We do not see as the statute rendering parties competent as witnesses has much, if any thing, to do with the question. It is a question of the competency of evidence, whether coming from a witness who is a party or otherwise. The statute has not made that competent, which before would have been incompetent, as matter of evidence, though coming from a competent witness. Both before and since the statute, cases have frequently depended upon the intent with which certain acts were done by persons not parties, and who were competent witnesses. This case is an illustration of them. To be sure, if the evidence is in itself competent, and the question involves the intent with which an act has been done by a party to an action, the statute makes the evidence admissible because it makes the party competent to testify, who was incompetent before. In other words, the statute has simply made a party competent to testify to whatever would be competent as coming from any other witness, and nothing more.
We have come to the conclusion that the testimony of Irwin, that he never intended to dedicate the strip of ground as a street, was incompetent and should not have been given. In deciding this, we do not decide that in no case can a witness, whether he be a party or otherwise, testify as to the intent with which he did, or omitted, any given act. When other cases arise there will be time for their decision.

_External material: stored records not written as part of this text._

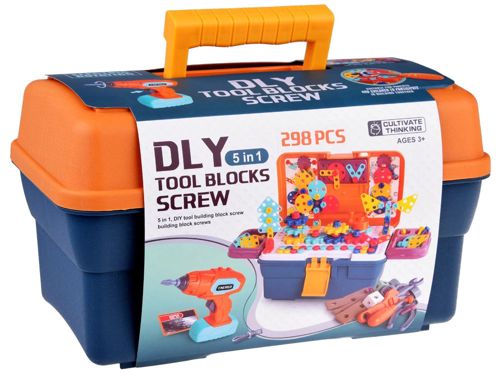 Egy jól felszerelt készlet egy fiatal barkácsrajongó számára egy doboz szerszámokkal, csavarokkal, anyákkal és csavarozási kellékekkel. Az összeszereléssel, javítással és új 3D-s szerkezetek létrehozásával való játék rengeteg kreatív szórakozást nyújt a fiatal kézművesnek. A dobozban található egy munkalap, polcok a tartozékoknak és mindennek, amire a műhelyben szükség lehet. A színes fogaskerekek és csavarok egyszerűen felcsavarozhatók a lyukas táblára, és máris egy mozgatható szerkezet jön létre. A játék lehetővé teszi különféle szerkezetek és minták építését, pl. autó, helikopter, állat stb. A készlethez egy ötleteket tartalmazó füzet is tartozik.
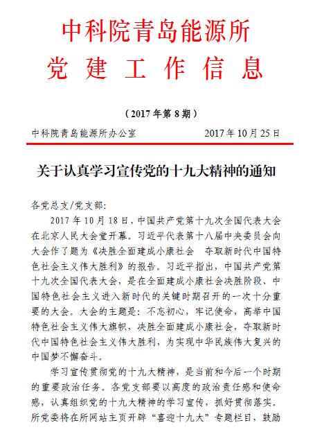 黨的十九大勝利召開后,青島能源所黨委高度重視、精心組織,帶動全所各級黨組織迅速掀起十九大精神學習熱潮。
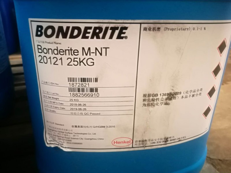 Bonderite M-NT 20121 是一种无磷酸盐的反应型前处理化学品,特别适合于钢铁、锌和铝表面处理。不 含有挥发性有机物,能增强涂装的结合力和耐腐蚀性能。 Bonderite M-NT-20121 的配方经过特别设计,可抑制工件返锈 Bondeirte M-NT 20121 原液不会产生浑浊,有效期长达 2 年 Bonderite M-NT 20121 的耐腐蚀性能大于等于铁系磷化/聚合物封闭加无铬后水洗。适用于室温下,喷 淋或浸泡处理工艺,处理后用去离子水洗。Bonderite M-NT 20121 能和各种型号的涂料匹配。
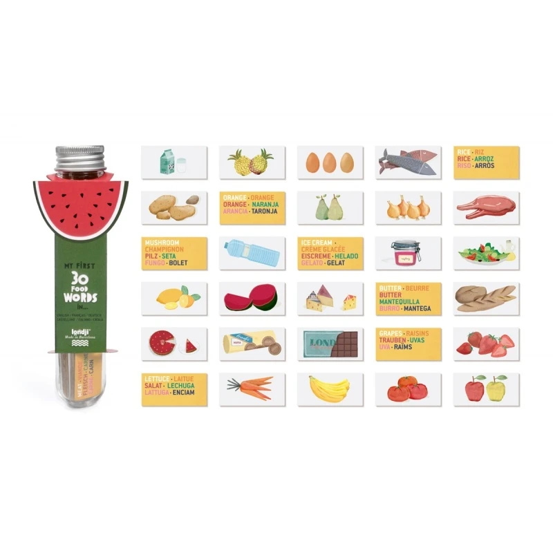 Handig leerzaam spel voor onderweg, woorden leren die met voedsel te maken hebben. 28 kaartjes van stevig karton waarop in 6 talen het voedsel staat. (Engels/Duits/Spaans/Catalaans/Frans/Italiaans)
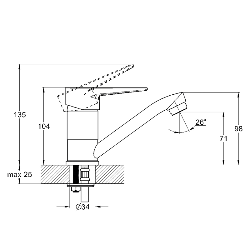 Смеситель для умывальника с коротким изливом. В смесители используется бесшумный керамический картридж Ø35, а так же аэратор смягчающий и экономящий расход воды. Крепление смесителя шпилька.
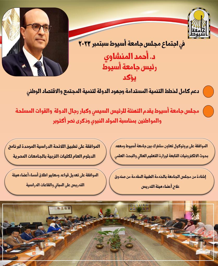 - مجلس جامعة أسيوط يقدم التهنئة للرئيس السيسي وكبار رجال الدولة والقوات المسلحة والمواطنين بمناسبة المولد النبوي وذكرى نصر أكتوبر
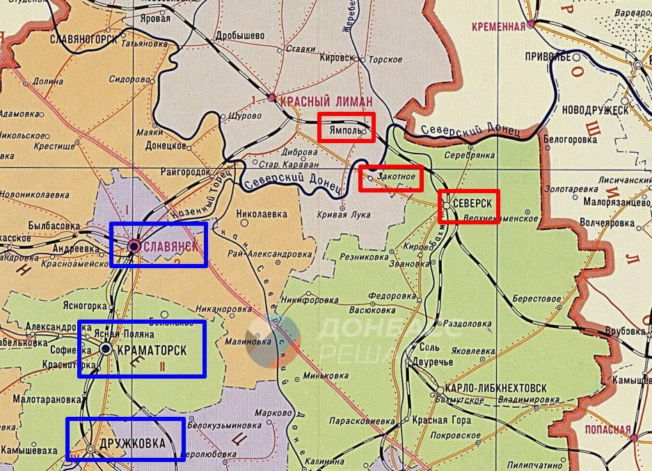 Также отмечается об успехах армии России после форсирования реки Бахмутовки, которая открыла путь к Свято-Покровскому (оно же Кирово), откуда простирается к центру Северска. Ещё одна дорога на Северск открылась после окончательной зачистки Ямполя в ДНР, согласно сводкам военкоров. Там наши силы расширили зону контроля южнее посёлка и вышли к тропе на центр Северска.

N. T. Carr and F. Winter, for appellant. S. Stansifer, for appellee.“ It is a general rule that to constitute a valid common law dedication, there must be an intention to dedicate, and' an act on the part of the owner, and an acceptance on the part of the public. This general rule is, however, subject to modification, that if the owner of a servient estate intentionally or by gross ’negligence leads the public to believe that he has dedicated the premises to püblic use, he will be estopped from denying the dedication to the prejudice of those whom he may have mislead.” Herman on Estop. sec. 521; Wilder v. The City of St. Paul, 12 Minn. 192, and authorities there cited.
We think that the question, whether a person intends to make a dedication of ground to the public for a street or other purpose, must be determined from his acts and statements explanatory thereof, in connection with all the circumstances that surround and throw light upon the subject, and not from what he may subsequently testify as to his real intent in relation to the matter. And this is on the principle that the public have the right to suppose that a man intends what his outward conduct and statements indicate, inasmuch as they cannot discover his intention in any other manner. Men, in all the affairs of life, are presumed to intend what is fairly and clearly indicated by their acts and conduct; and where the rights of the public or third parties are concerned, they have a right to act upon such presumption.
For the error in the admission of the evidence, the judgment below must be reversed.
The judgment is reversed, with costs, and the cause remanded for a new trial.